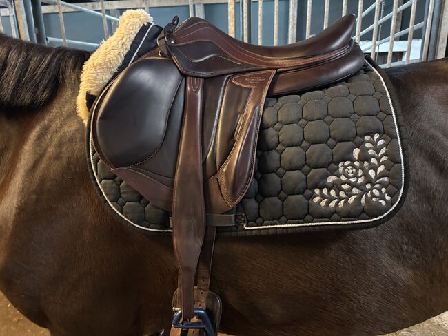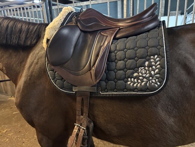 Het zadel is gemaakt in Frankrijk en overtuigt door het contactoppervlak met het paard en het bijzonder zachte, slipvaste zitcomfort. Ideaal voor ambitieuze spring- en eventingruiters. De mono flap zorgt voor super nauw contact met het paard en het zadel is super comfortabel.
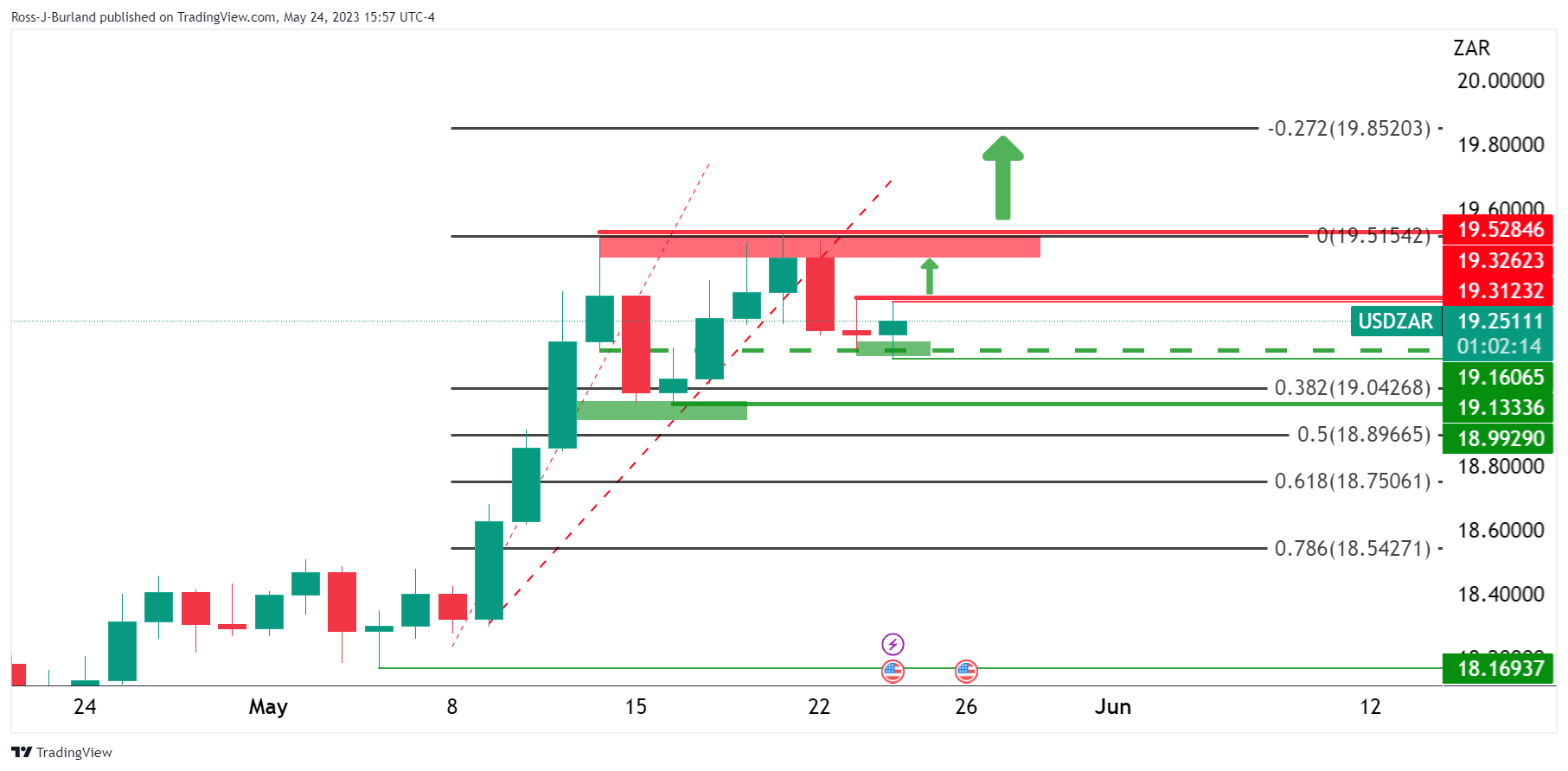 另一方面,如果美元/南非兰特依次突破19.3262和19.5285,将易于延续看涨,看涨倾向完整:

★ ★ ★

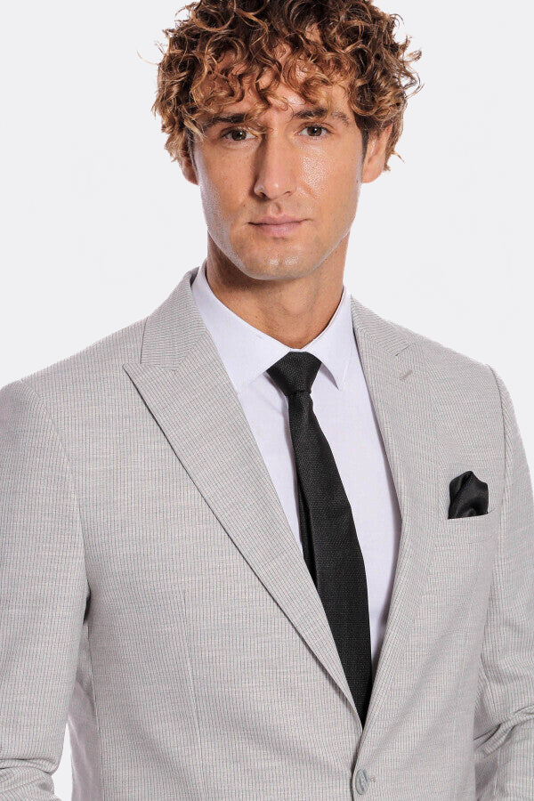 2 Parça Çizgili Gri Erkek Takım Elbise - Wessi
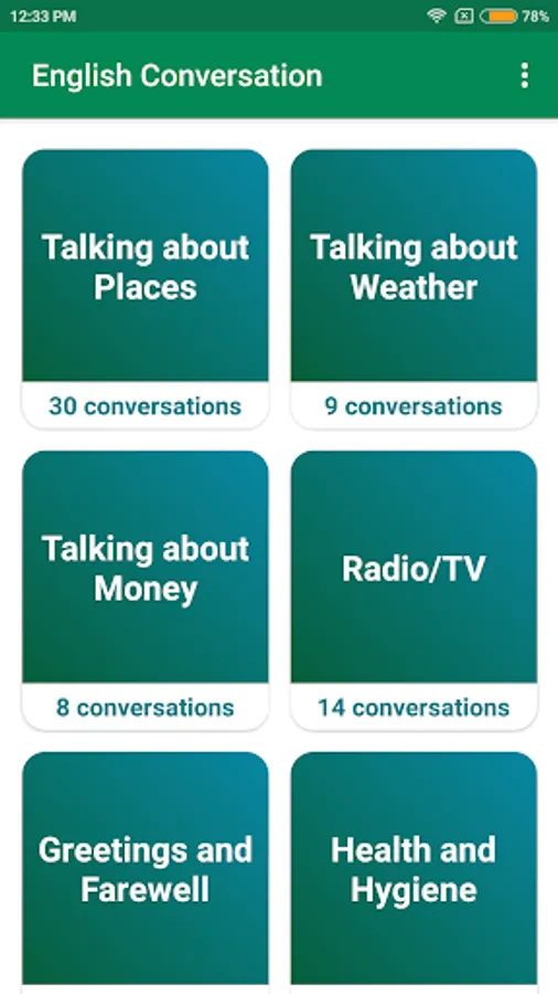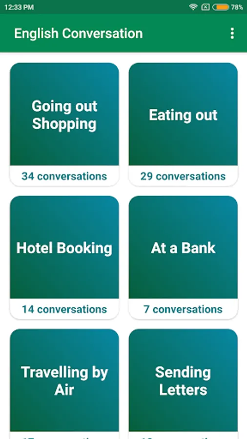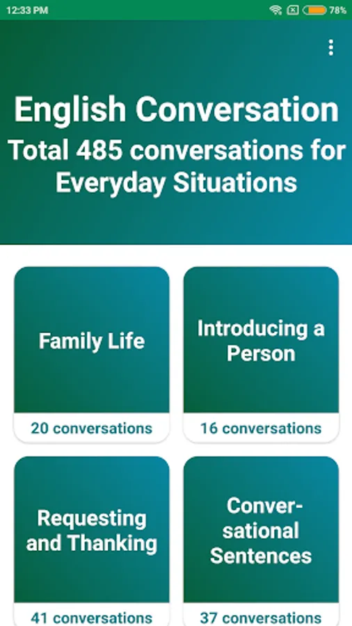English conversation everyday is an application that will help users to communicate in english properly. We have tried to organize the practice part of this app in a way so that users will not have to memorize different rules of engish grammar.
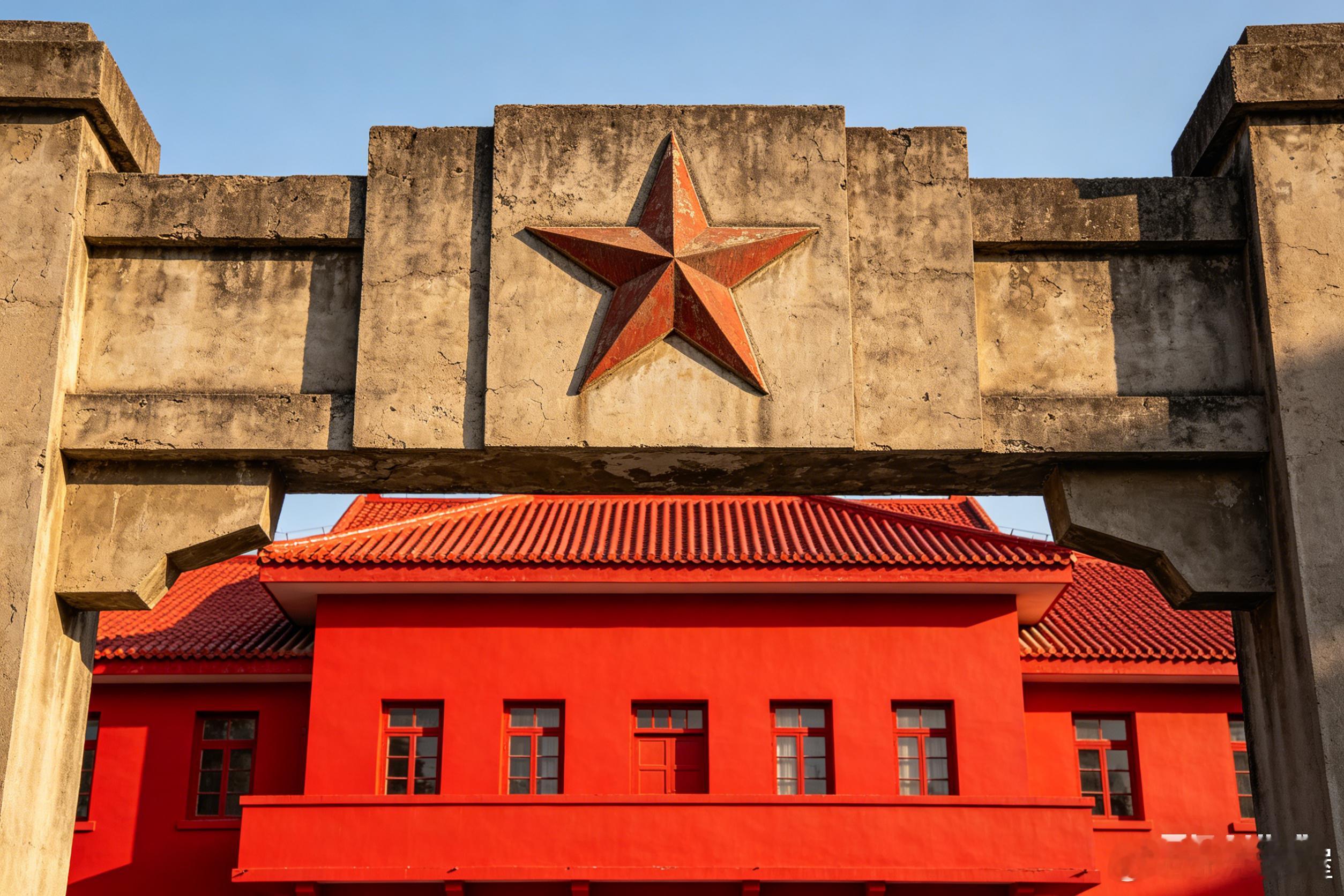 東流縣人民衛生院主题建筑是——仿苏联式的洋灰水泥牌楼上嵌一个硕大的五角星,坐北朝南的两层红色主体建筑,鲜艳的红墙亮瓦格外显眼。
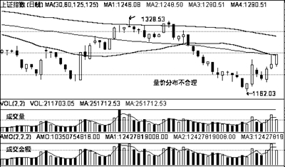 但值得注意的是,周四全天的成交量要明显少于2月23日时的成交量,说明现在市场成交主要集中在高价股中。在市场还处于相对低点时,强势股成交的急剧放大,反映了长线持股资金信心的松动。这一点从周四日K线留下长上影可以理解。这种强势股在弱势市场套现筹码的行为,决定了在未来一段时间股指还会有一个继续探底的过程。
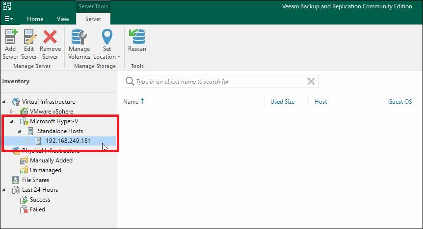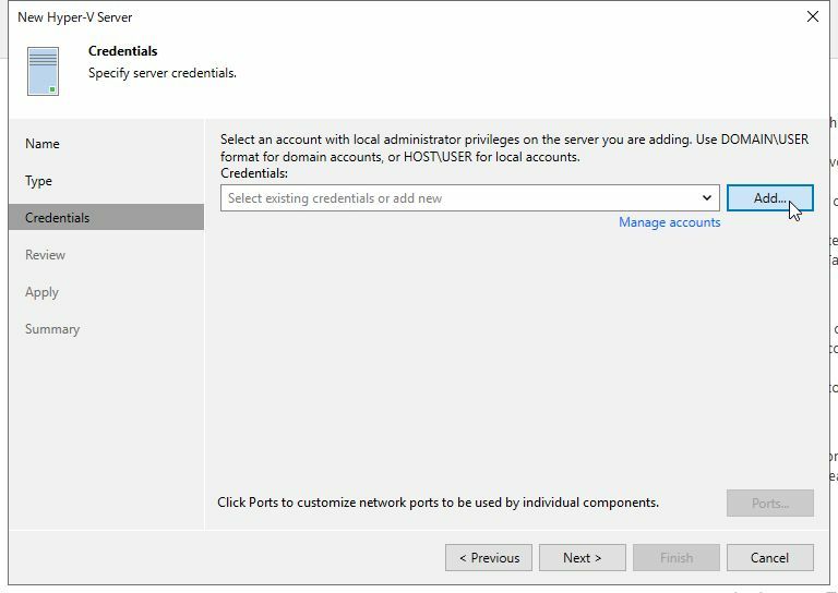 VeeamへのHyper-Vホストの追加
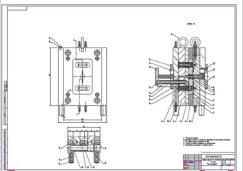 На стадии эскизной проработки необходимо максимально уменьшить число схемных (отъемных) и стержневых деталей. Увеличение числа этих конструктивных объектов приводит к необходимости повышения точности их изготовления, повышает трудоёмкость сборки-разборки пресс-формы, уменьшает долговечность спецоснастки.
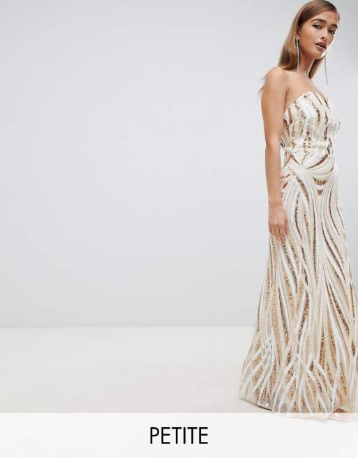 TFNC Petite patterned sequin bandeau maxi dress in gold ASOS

★ ★ ★

* Required work
Using the entries above, extract exactly the lines from the one that contains "English conversation everyday" through the one that contains "TFNC Petite patterned". Do not carry over any pictures.

* Task response
English conversation everyday is an application that will help users to communicate in english properly. We have tried to organize the practice part of this app in a way so that users will not have to memorize different rules of engish grammar.
 東流縣人民衛生院主题建筑是——仿苏联式的洋灰水泥牌楼上嵌一个硕大的五角星,坐北朝南的两层红色主体建筑,鲜艳的红墙亮瓦格外显眼。
 但值得注意的是,周四全天的成交量要明显少于2月23日时的成交量,说明现在市场成交主要集中在高价股中。在市场还处于相对低点时,强势股成交的急剧放大,反映了长线持股资金信心的松动。这一点从周四日K线留下长上影可以理解。这种强势股在弱势市场套现筹码的行为,决定了在未来一段时间股指还会有一个继续探底的过程。
 VeeamへのHyper-Vホストの追加
 На стадии эскизной проработки необходимо максимально уменьшить число схемных (отъемных) и стержневых деталей. Увеличение числа этих конструктивных объектов приводит к необходимости повышения точности их изготовления, повышает трудоёмкость сборки-разборки пресс-формы, уменьшает долговечность спецоснастки.
 TFNC Petite patterned sequin bandeau maxi dress in gold ASOS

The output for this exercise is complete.